**SOURCE MATERIAL**.
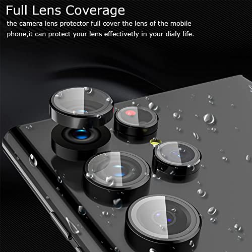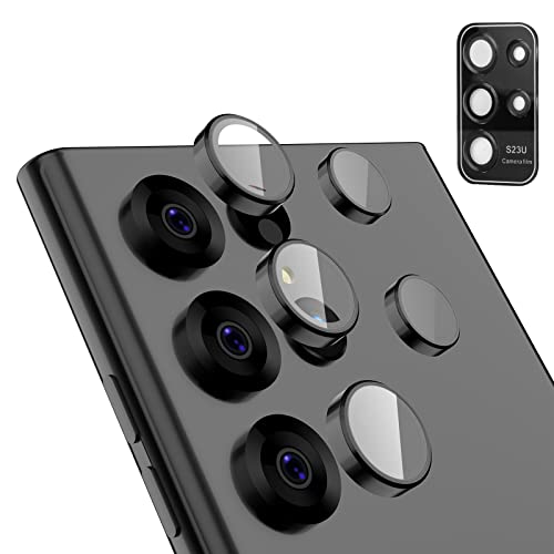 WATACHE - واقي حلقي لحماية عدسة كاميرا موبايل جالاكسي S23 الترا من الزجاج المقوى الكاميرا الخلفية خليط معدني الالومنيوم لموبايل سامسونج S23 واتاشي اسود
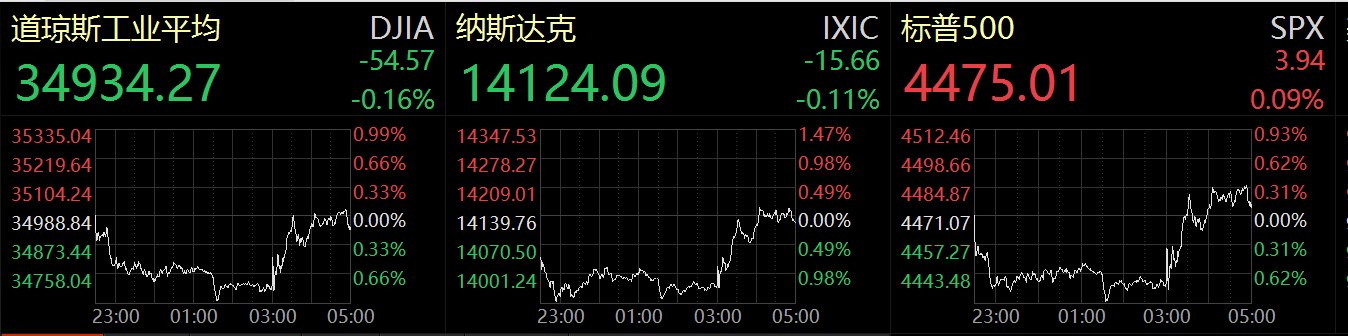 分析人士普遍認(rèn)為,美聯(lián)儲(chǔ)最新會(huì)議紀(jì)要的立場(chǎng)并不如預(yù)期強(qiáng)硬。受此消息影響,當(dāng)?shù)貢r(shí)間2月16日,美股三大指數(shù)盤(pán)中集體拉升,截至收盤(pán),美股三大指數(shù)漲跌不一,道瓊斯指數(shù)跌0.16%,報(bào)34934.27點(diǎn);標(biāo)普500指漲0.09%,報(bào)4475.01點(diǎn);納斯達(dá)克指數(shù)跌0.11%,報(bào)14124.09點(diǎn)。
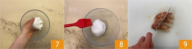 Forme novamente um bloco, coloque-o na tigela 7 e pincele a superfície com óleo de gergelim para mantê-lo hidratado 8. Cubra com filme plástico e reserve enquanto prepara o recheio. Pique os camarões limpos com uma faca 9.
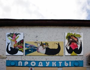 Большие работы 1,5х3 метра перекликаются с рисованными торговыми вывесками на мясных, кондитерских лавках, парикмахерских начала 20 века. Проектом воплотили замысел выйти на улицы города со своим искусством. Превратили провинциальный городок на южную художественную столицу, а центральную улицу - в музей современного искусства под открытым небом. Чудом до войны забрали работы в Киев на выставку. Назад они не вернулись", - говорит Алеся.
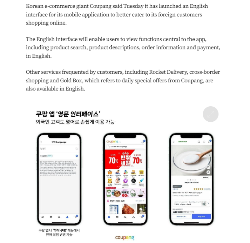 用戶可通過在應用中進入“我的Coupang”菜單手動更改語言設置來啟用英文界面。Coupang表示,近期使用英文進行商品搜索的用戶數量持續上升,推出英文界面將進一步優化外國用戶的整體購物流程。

**WORK REQUIRED**.
Produce a verbatim transcription of every line in the listing, images omitted.

**YOUR SOLUTION**.
 WATACHE - واقي حلقي لحماية عدسة كاميرا موبايل جالاكسي S23 الترا من الزجاج المقوى الكاميرا الخلفية خليط معدني الالومنيوم لموبايل سامسونج S23 واتاشي اسود
 分析人士普遍認(rèn)為,美聯(lián)儲(chǔ)最新會(huì)議紀(jì)要的立場(chǎng)并不如預(yù)期強(qiáng)硬。受此消息影響,當(dāng)?shù)貢r(shí)間2月16日,美股三大指數(shù)盤(pán)中集體拉升,截至收盤(pán),美股三大指數(shù)漲跌不一,道瓊斯指數(shù)跌0.16%,報(bào)34934.27點(diǎn);標(biāo)普500指漲0.09%,報(bào)4475.01點(diǎn);納斯達(dá)克指數(shù)跌0.11%,報(bào)14124.09點(diǎn)。
 Forme novamente um bloco, coloque-o na tigela 7 e pincele a superfície com óleo de gergelim para mantê-lo hidratado 8. Cubra com filme plástico e reserve enquanto prepara o recheio. Pique os camarões limpos com uma faca 9.
 Большие работы 1,5х3 метра перекликаются с рисованными торговыми вывесками на мясных, кондитерских лавках, парикмахерских начала 20 века. Проектом воплотили замысел выйти на улицы города со своим искусством. Превратили провинциальный городок на южную художественную столицу, а центральную улицу - в музей современного искусства под открытым небом. Чудом до войны забрали работы в Киев на выставку. Назад они не вернулись", - говорит Алеся.
 用戶可通過在應用中進入“我的Coupang”菜單手動更改語言設置來啟用英文界面。Coupang表示,近期使用英文進行商品搜索的用戶數量持續上升,推出英文界面將進一步優化外國用戶的整體購物流程。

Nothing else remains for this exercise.